The movie’s simplistic approach to mental illness is not really a fault of the movie, because it has no interest in being about insanity. It is about a free spirit in a closed system. Nurse Ratched, who is so inflexible, so unseeing, so blandly sure she is right, represents Momism at its radical extreme, and McMurphy is the Huck Finn who wants to break loose from her version of civilization. The movie is among other things profoundly fearful of women; the only two portrayed positively are McMurphy’s hooker friends Candy and Rose. I mean this as an observation, not a criticism.

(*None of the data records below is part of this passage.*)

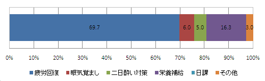 栄養ドリンクの購入理由を尋ねたところ、「疲労回復」が69.7%で圧倒的多数を占めている。次いで「栄養補給」の16.3%と続く。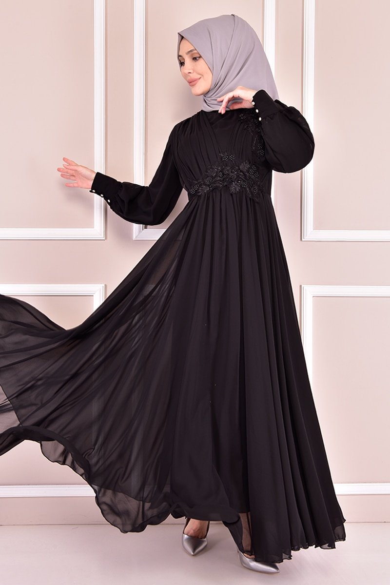 Moda Merve Siyah Güpür Detay Abiye Elbise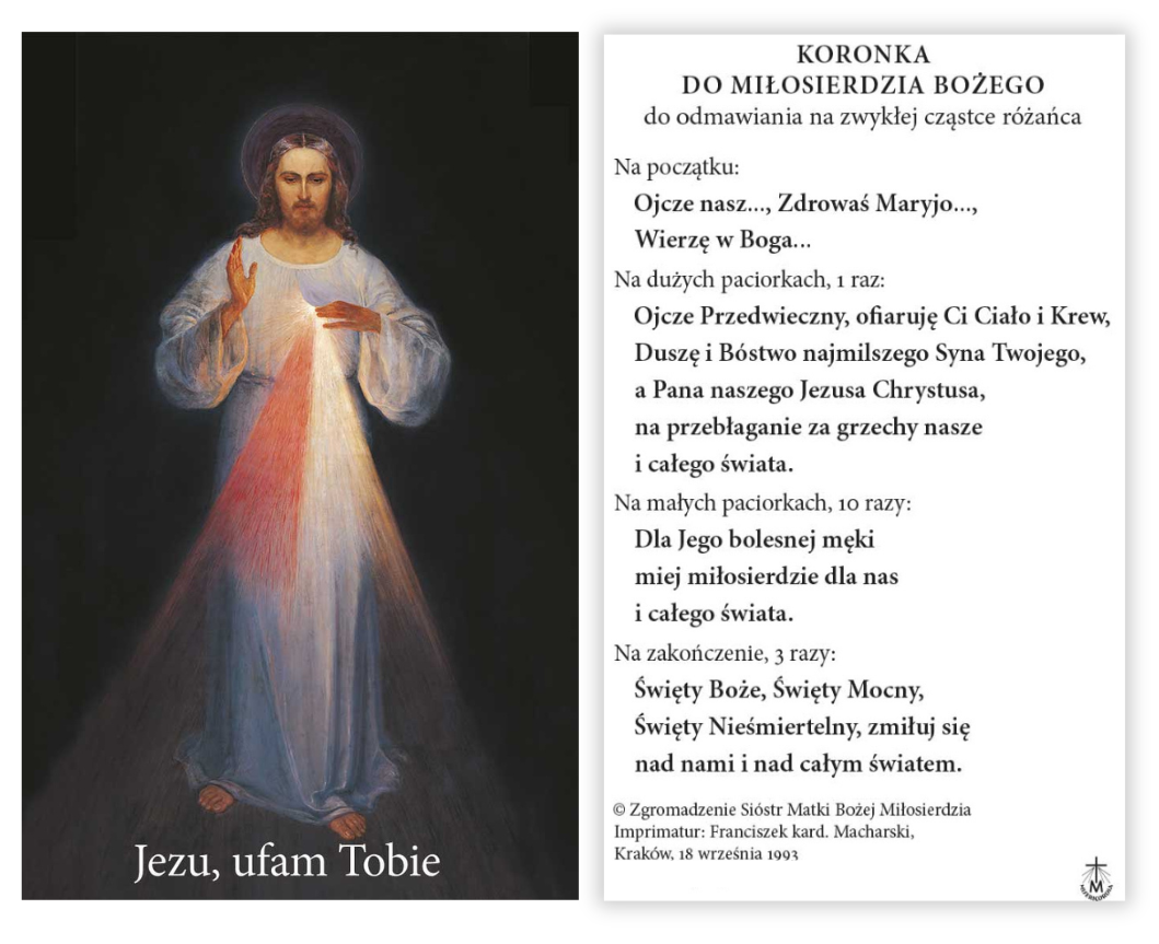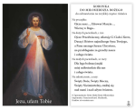 Obrazek z wizerunkiem Jezusa Miłosiernego z Sanktuarium Bożego Miłosierdzia w Wilnie na Litwie. Na rewersie znajduje się tekst koronki do Bożego Miłosierdzia.

Is “One Flew Over the Cuckoo’s Nest” not a great film because it is manipulative, or is it great because it is so superbly manipulative? I can see it through either filter. It remains enduringly popular as an anti-establishment parable, but achieves its success by deliberately choosing to use the mental patients as comic caricatures. This decision leads to the fishing trip, which is at once the most popular, and the most false, scene in the movie. It is McMurphy’s great joyous thumb in the eye to Ratched and her kind, but the energy of the sequence cannot disguise the unease and confusion of men who, in many cases, have no idea where they are, or why.
Consider by comparison the quiet, late-night speech by the Chief (Will Sampson), who speaks of his father. This is a window into a real character with real problems, who has chosen to be considered deaf and mute rather than talk about them. McMurphy’s treatment works for him, and leads up to the sad perfection of the very final scenes–during which, if he could see them, McMurphy would be proud of his star pupil.